Existing unit/integration tests
New unit/integration tests
Manual tests

Does this PR require documentation update?

Release Notes

Is this a user-facing change?

No. You can skip the rest of this section.
Yes. Give a description of this change to be included in the release notes for MLflow users.

What component(s), interfaces, languages, and integrations does this PR affect?

Components

How should the PR be classified in the release notes? Choose one:

rn/none - No description will be included.
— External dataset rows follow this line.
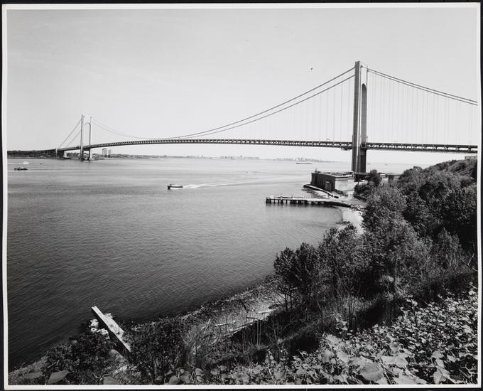 Verrazano Narrows Bridge. Construction view from John Paul Jones Park
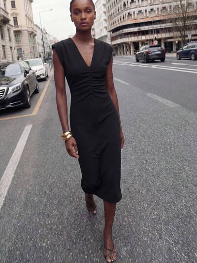SHEIN Maija Robe femme à col en V noir avec épaulettes larges, design plissé à l'avant. Élégante pour le carnaval, la Saint-Valentin, les fêtes, l'école, les festivals de musique, les événements formels, les déplacements urbains, le bureau, le quotidien, les rendez-vous romantiques, le style décontracté années 90, le Nouvel An, les vacances de printemps, les anniversaires, la plage, la remise des diplômes, la mode minimaliste. Convient pour les invités de mariage, les hôtes, les rendez-vous, les rassemblements, les concerts, les représentations sur scène, les brunchs, les garden-parties, les aéroports, les vacances d'été
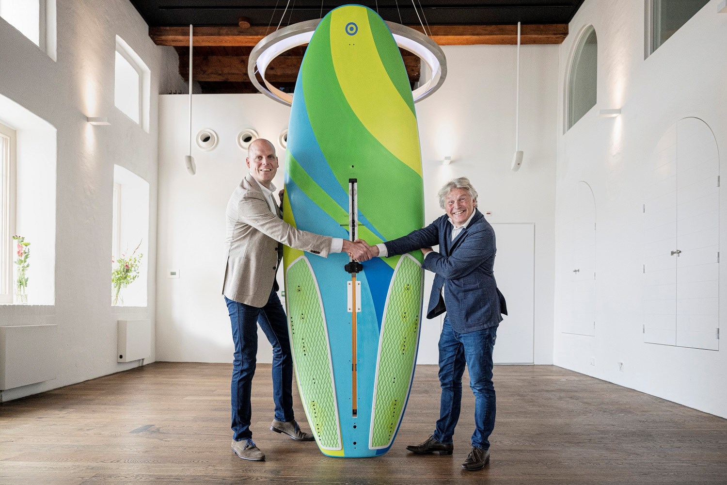 Foto: Arno van Gerven (links), directeur van het Watersportverbond en Michael Huijser, directeur Scheepvaarmuseum met het RS:X board waarop Dorian van Rijsselberghe in 2016 goud behaalde op de Olympische Spelen in Rio. Fotocredits: Leonard Faustle
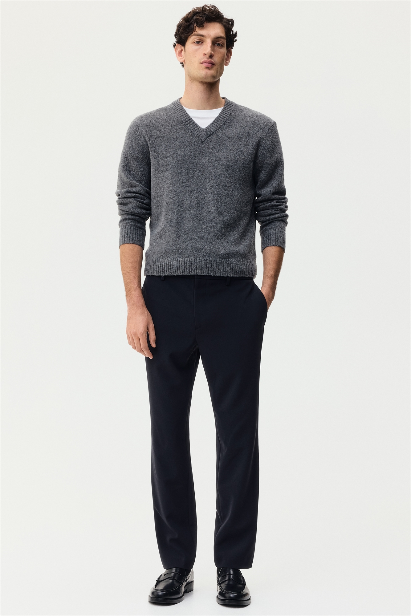 Приталенные брюки из мягкой ткани с ширинкой на молнии и пуговице, закрытой резинкой сзади на талии, диагональными боковыми карманами и втачными задними карманами. Зауженный крой, облегающий контуры тела и создающий приталенный силуэт.
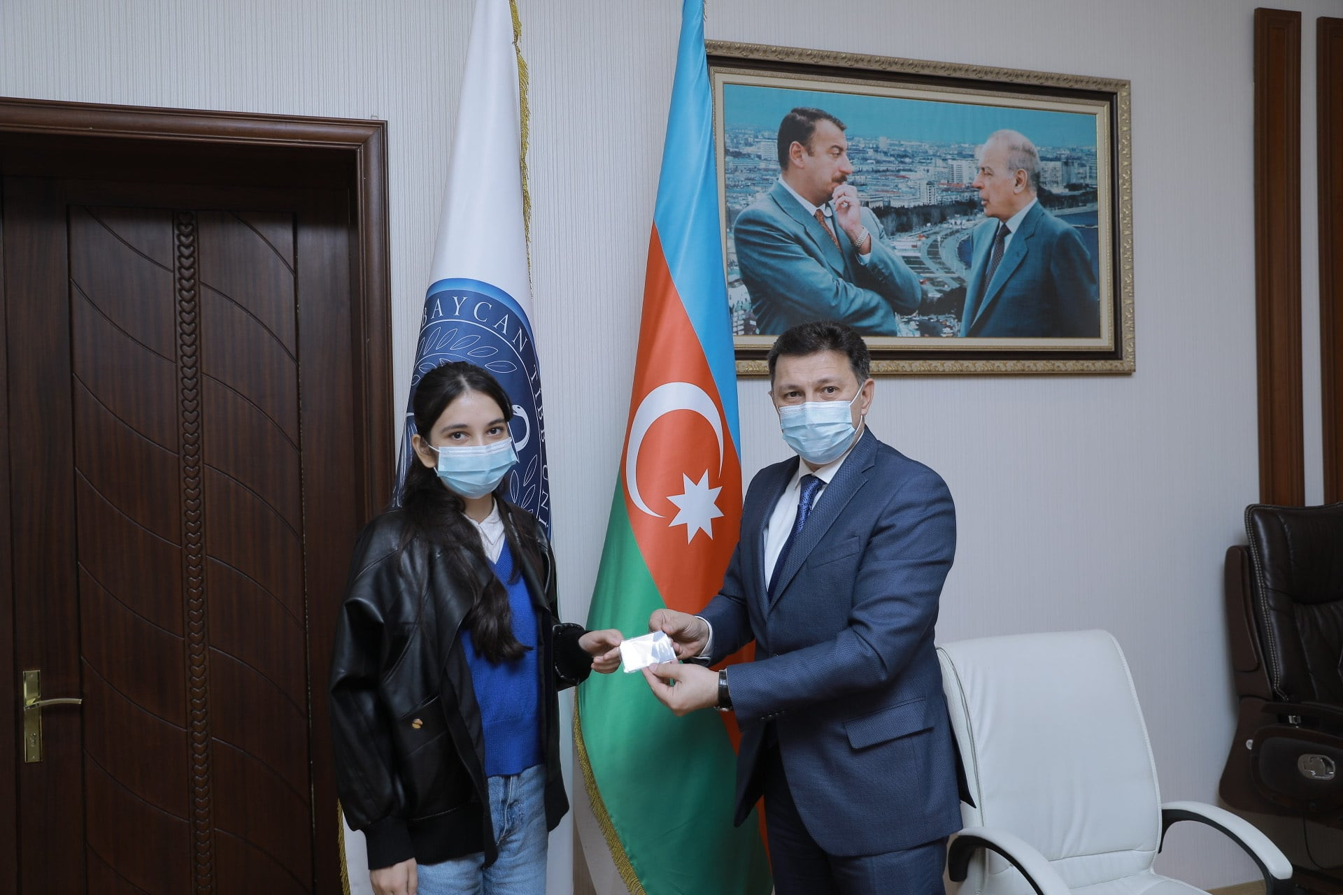 Aybəniz Həşimovaya təhsildə uğurlar arzulayan ATU-nun rektoru ona tələbə biletini və universitet adından hədiyyə olaraq noutbuk təqdim edib.
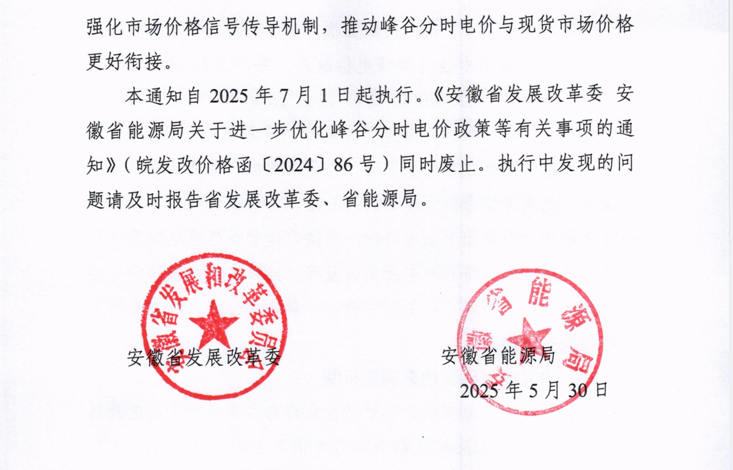 中國(guó)儲(chǔ)能網(wǎng)訊:5月30號(hào),安徽省發(fā)展改革委安徽省能源局關(guān)于進(jìn)一步完善工商業(yè)峰谷分時(shí)電價(jià)政策有關(guān)事項(xiàng)的通知(和征求意稿一致)
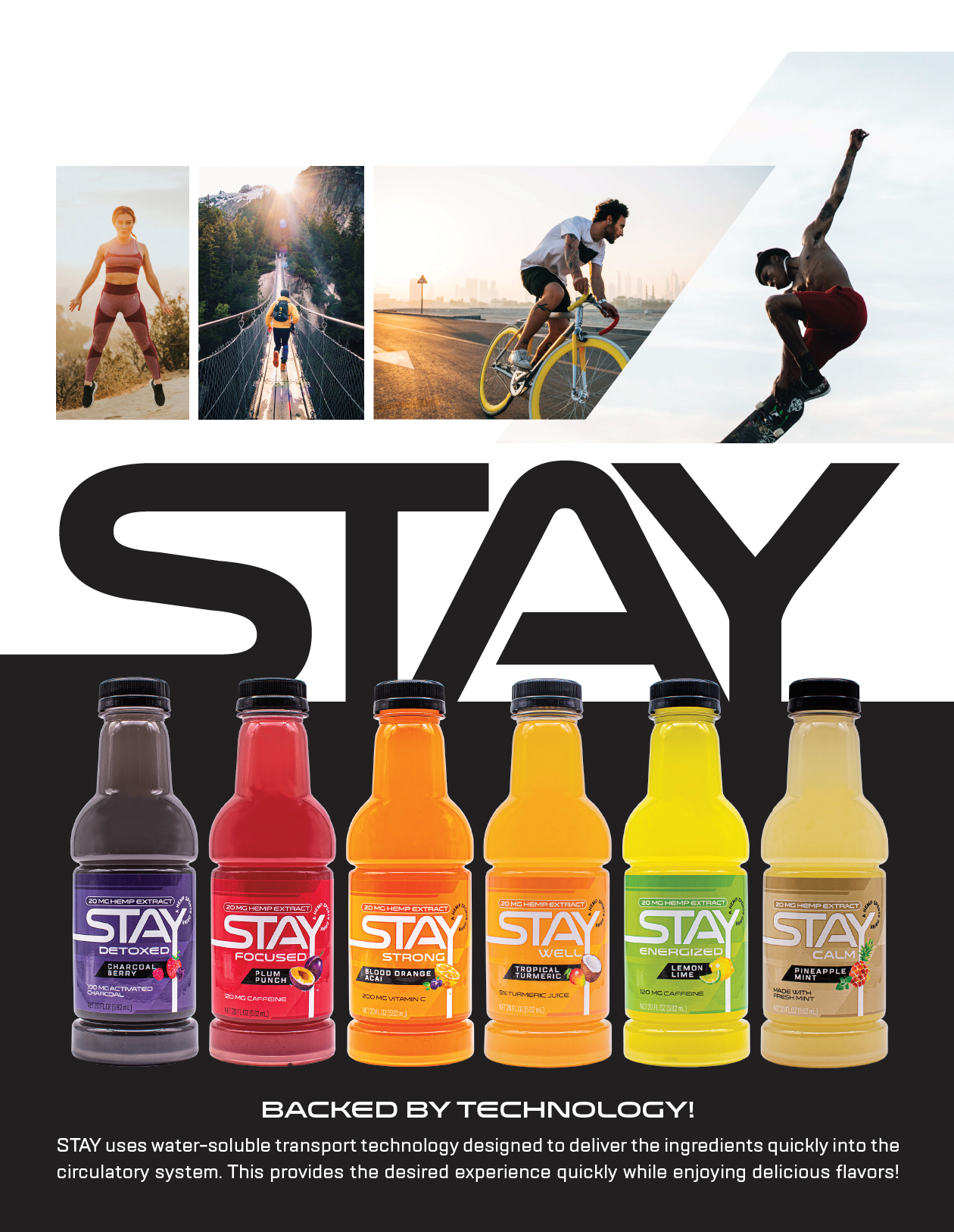 Welcome to the newest way to Replenish & Reset your body. After years in development STAY is proud to bring you, an all-natural Hemp Infused Sports Drink. After creating the perfect Sports Drink, we took the development one step further and added our proprietary cannabinoid blend of hemp. Everyone has cannabinoid receptors in their body which make up our endocannabinoid system. This system is designed to preserve and restore biochemical balance to your body. STAY replenishes your body in more ways than one! Our Fast Acting, water-soluble technology provides optimal delivery of the ingredients into your system. Give your body what it needs when it needs it – with Zero THC! Each flavor profile delivers a unique experience: Charcoal Berry – Detoxify Plum Punch – Mental Clarity Blood Orange Acai – Strength Tropical Turmeric – Wellness Lemon Lime – Energy Pineapple Mint – Calmness.

The PR will be mentioned only by the PR number in the "Small Bugfixes and Documentation Updates" section
rn/breaking-change - The PR will be mentioned in the "Breaking Changes" section
rn/feature - A new user-facing feature worth mentioning in the release notes
rn/bug-fix - A user-facing bug fix worth mentioning in the release notes
rn/documentation - A user-facing documentation change worth mentioning in the release notes

Should this PR be included in the next patch release?

Yes should be selected for bug fixes, documentation updates, and other small changes. No should be selected for new features and larger changes. If you're unsure about the release classification of this PR, leave this unchecked to let the maintainers decide.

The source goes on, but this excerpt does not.